SUPPLIED INFORMATION -
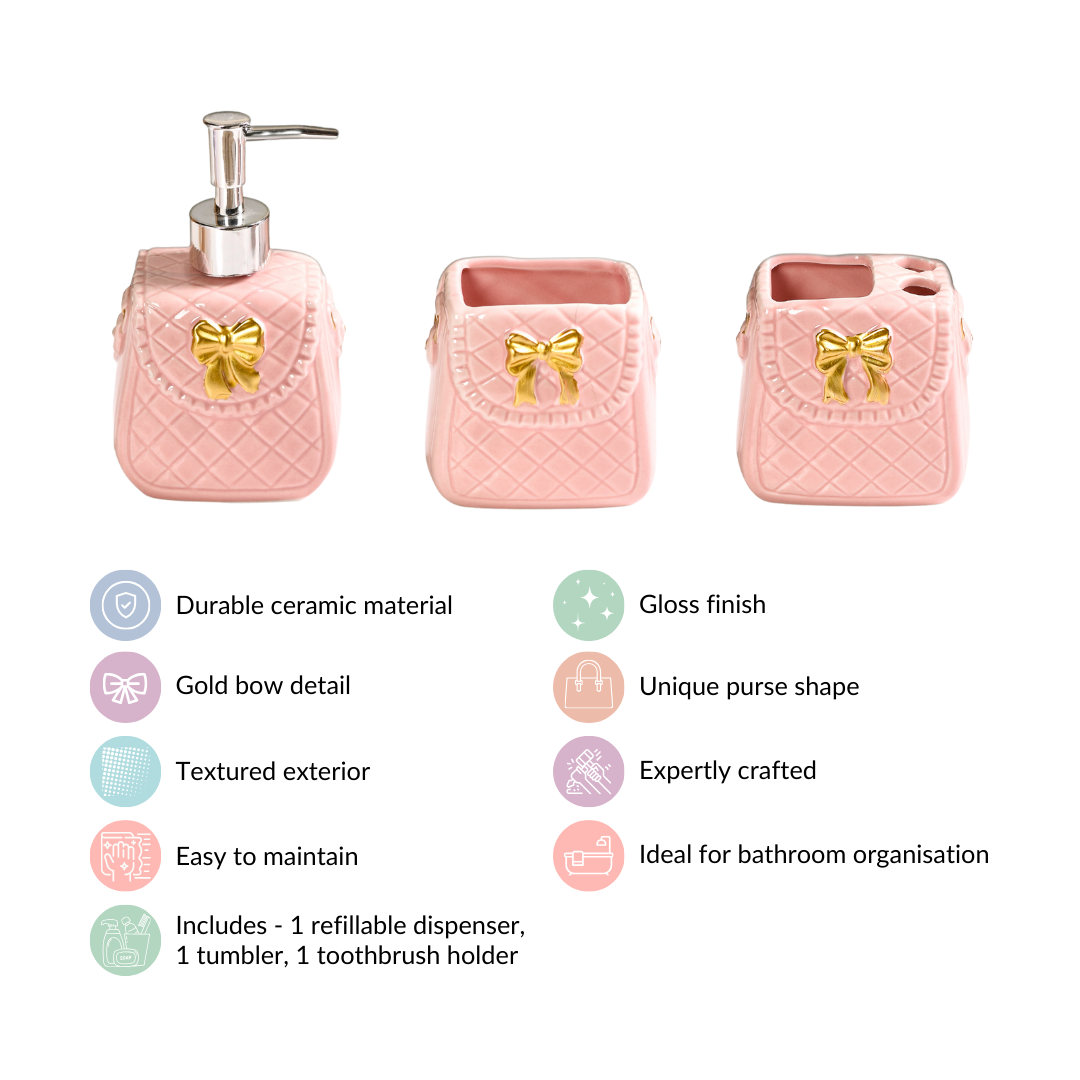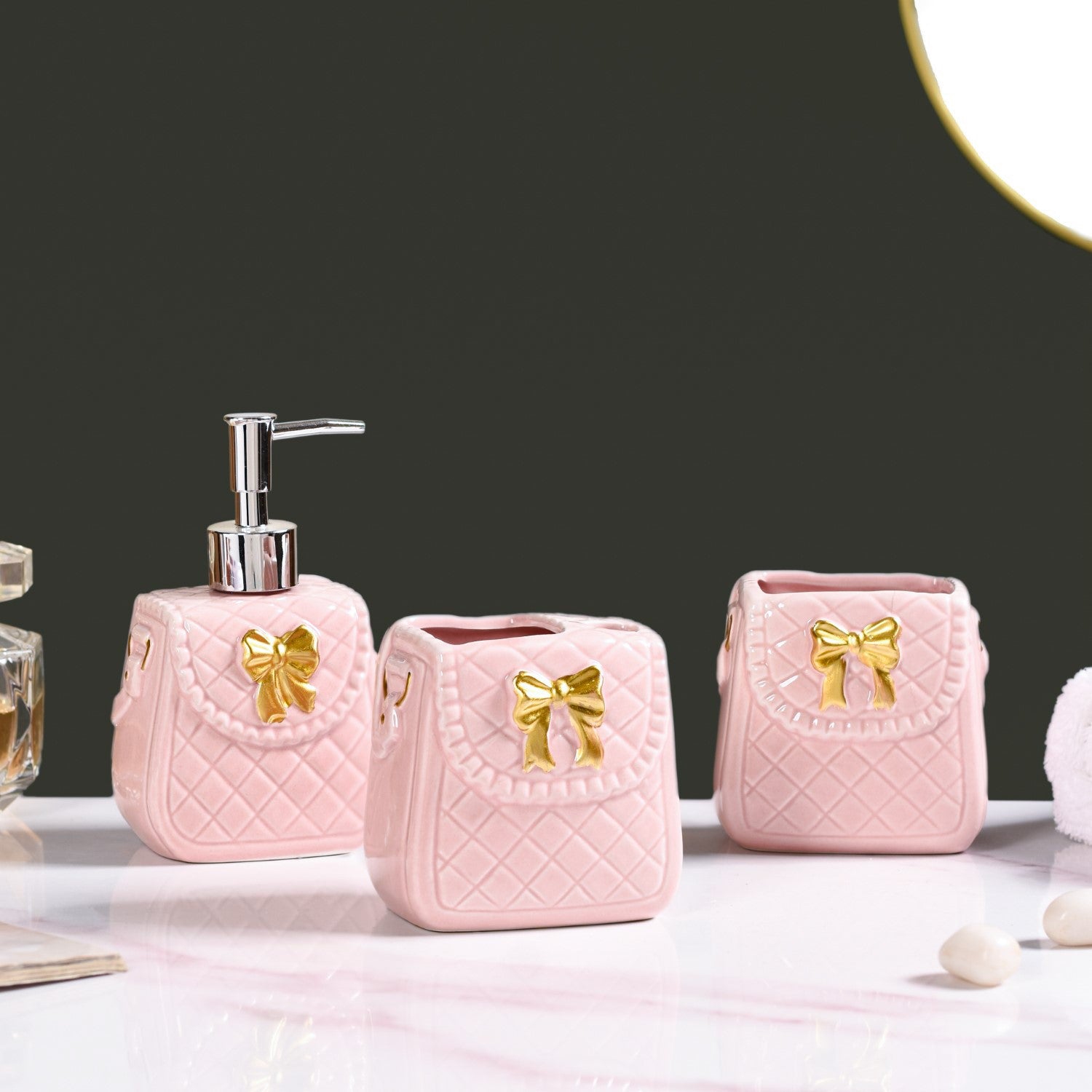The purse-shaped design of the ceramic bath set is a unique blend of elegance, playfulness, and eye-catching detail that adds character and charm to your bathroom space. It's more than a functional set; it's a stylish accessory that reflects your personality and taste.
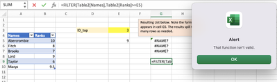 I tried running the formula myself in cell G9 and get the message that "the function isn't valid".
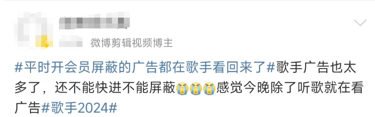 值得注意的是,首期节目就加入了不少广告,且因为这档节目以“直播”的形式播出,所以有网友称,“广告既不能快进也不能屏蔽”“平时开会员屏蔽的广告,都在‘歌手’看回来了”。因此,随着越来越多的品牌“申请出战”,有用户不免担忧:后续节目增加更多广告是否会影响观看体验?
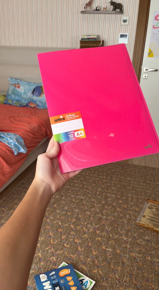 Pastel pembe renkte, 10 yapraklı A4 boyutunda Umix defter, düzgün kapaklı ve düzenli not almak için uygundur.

HOW TO COMPLETE THIS TASK -
Transcribe the listing in full and omit the pictures.

ANSWER TO THE PROBLEM -
The purse-shaped design of the ceramic bath set is a unique blend of elegance, playfulness, and eye-catching detail that adds character and charm to your bathroom space. It's more than a functional set; it's a stylish accessory that reflects your personality and taste.
 I tried running the formula myself in cell G9 and get the message that "the function isn't valid".
 值得注意的是,首期节目就加入了不少广告,且因为这档节目以“直播”的形式播出,所以有网友称,“广告既不能快进也不能屏蔽”“平时开会员屏蔽的广告,都在‘歌手’看回来了”。因此,随着越来越多的品牌“申请出战”,有用户不免担忧:后续节目增加更多广告是否会影响观看体验?
 Pastel pembe renkte, 10 yapraklı A4 boyutunda Umix defter, düzgün kapaklı ve düzenli not almak için uygundur.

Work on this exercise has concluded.